Categorized: Music and Malt, Community

Rebecca writesMusic and Malt: Dovetail Brewery

Welcome to Music and Malt, a series that examines the intersections where music and beer meet in Chicago.

by Rebecca Suzan

I've discovered a lot about Chicago since relocating here from New York City 9 months ago, but locals' reaction to the nickname "Second City" has been the most telling. The epithet places their city squarely within the long shadow cast by the Big Apple, but Chicagoans don't bristle at the comparison - they lean into it. I spoke with native Illinoisan JP Pfäfflin, social media manager for Dovetail Brewery and former publicist for Bloodshot Records, and learned that the craft beer and music scenes in Chicago epitomize the "bigger isn't always better" ethos.

RS: Is there a natural connection between music and beer?

JPP: The connection between music and beer is a David and Goliath story.
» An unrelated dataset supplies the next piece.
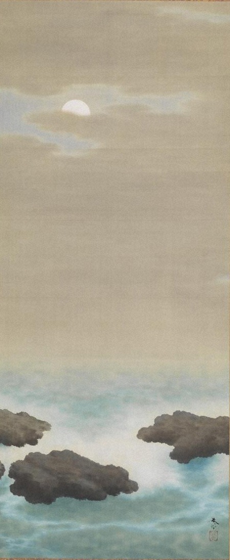 菱田春草(1874〜1911)は、明治39年、横山大観、下村観山、木村武山(ぶざん)とともに、岡倉天心に従って茨城県五浦(いづら)に移住しました。日本美術院の都落ちと揶揄されたものでしたが、海に面した崖の上の画室で作画に専心し競作したことは、互いに有益な刺激となったはずであり、春草は線を排除したいわゆる朦朧体(もうろうたい)の実験を突き進めていきました。 雲間から現れた満月の光が、岩と波とを一瞬浮かび上がらせた印象が、鮮やかに描きとめられています。都会から離れた環境を逆手に活かそうとした画家魂が貴く思われます。 間もなく病のために東京に戻った春草は、明治44年に数え年38歳の若さで没しています。

Walking into Best Buy and seeing an endcap of Justin Timberlake CDs is the same as walking into a convenience store and seeing an endcap of Busch Lite. You've got the major music labels [Universal Music Group, Sony Music Entertainment, Warner Music Group] and the major brewing companies [AB InBev, Molson Coors, Heineken International] and they've got the money to get those placements for their products. There are 5,000 independent brewers in the US - higher than before Prohibition - so there's even more limited cooler and tap space for those brands. It was the same with the artists at Bloodshot [Records]. The label is well-respected and well-recognized, but it was difficult going up against the major labels and getting radio play.